▶ [WHAT THE TASK REQUIRES] Skip the pictures. Transcribe the rest of the data below without changing a word.

▶ [COLLECTED MATERIAL]
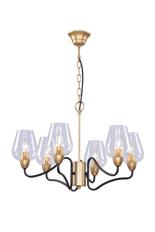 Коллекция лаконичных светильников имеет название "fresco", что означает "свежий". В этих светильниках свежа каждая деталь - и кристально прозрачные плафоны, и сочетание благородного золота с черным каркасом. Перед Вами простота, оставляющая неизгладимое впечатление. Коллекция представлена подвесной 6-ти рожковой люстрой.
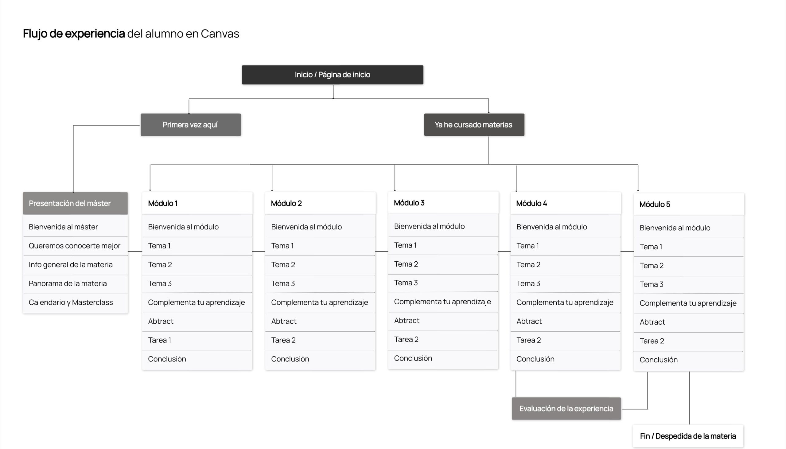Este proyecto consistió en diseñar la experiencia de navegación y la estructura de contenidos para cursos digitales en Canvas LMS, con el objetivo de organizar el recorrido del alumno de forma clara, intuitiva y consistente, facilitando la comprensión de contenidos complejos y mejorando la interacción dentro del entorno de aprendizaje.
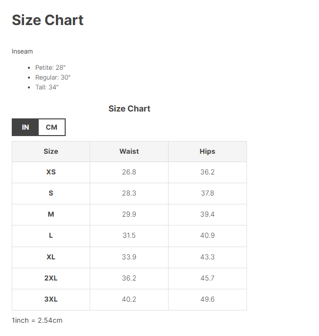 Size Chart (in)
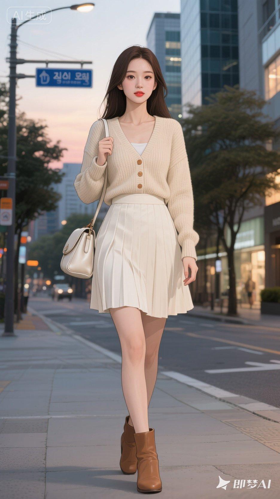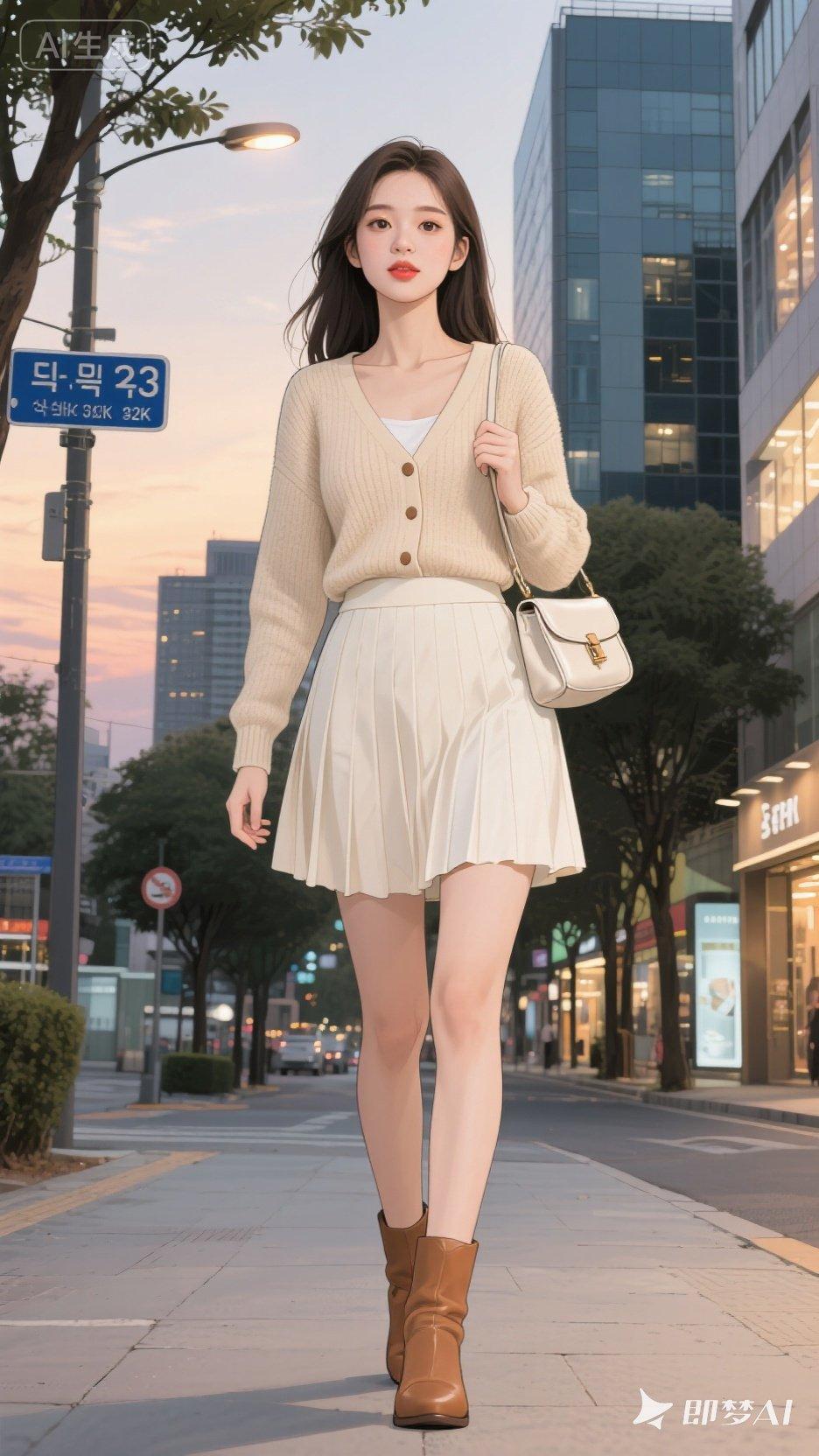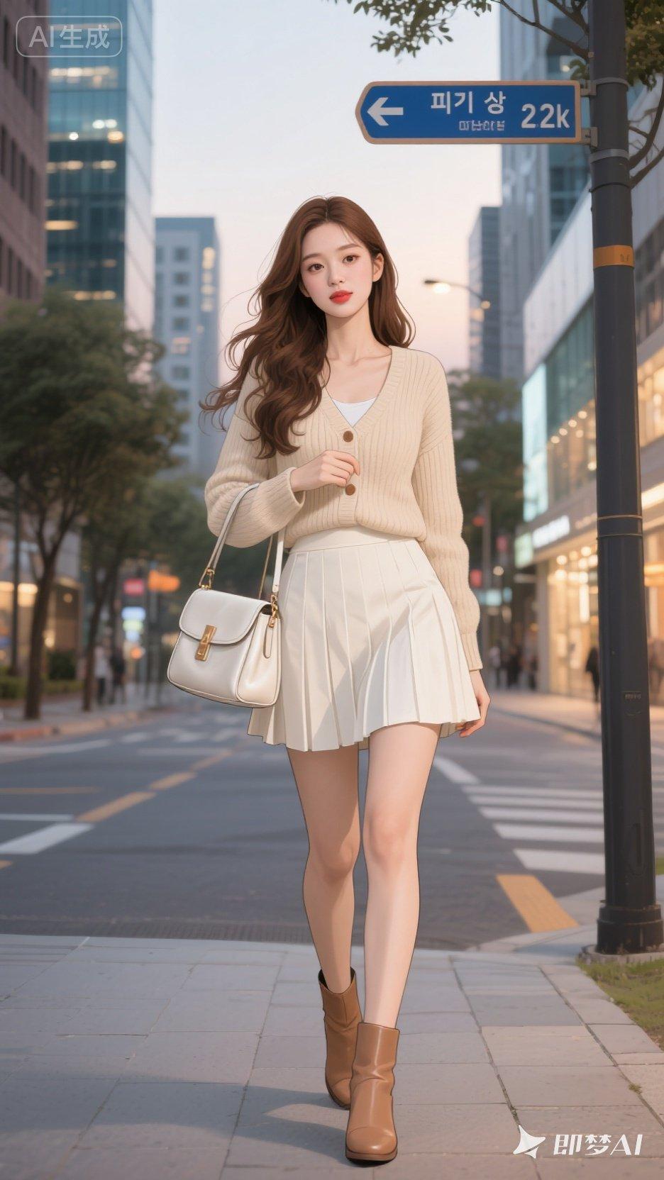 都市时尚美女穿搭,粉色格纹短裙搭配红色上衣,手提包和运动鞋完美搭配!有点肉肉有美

▶ [RESULT FOR THIS TASK]
 Коллекция лаконичных светильников имеет название "fresco", что означает "свежий". В этих светильниках свежа каждая деталь - и кристально прозрачные плафоны, и сочетание благородного золота с черным каркасом. Перед Вами простота, оставляющая неизгладимое впечатление. Коллекция представлена подвесной 6-ти рожковой люстрой.
Este proyecto consistió en diseñar la experiencia de navegación y la estructura de contenidos para cursos digitales en Canvas LMS, con el objetivo de organizar el recorrido del alumno de forma clara, intuitiva y consistente, facilitando la comprensión de contenidos complejos y mejorando la interacción dentro del entorno de aprendizaje.
 Size Chart (in)
 都市时尚美女穿搭,粉色格纹短裙搭配红色上衣,手提包和运动鞋完美搭配!有点肉肉有美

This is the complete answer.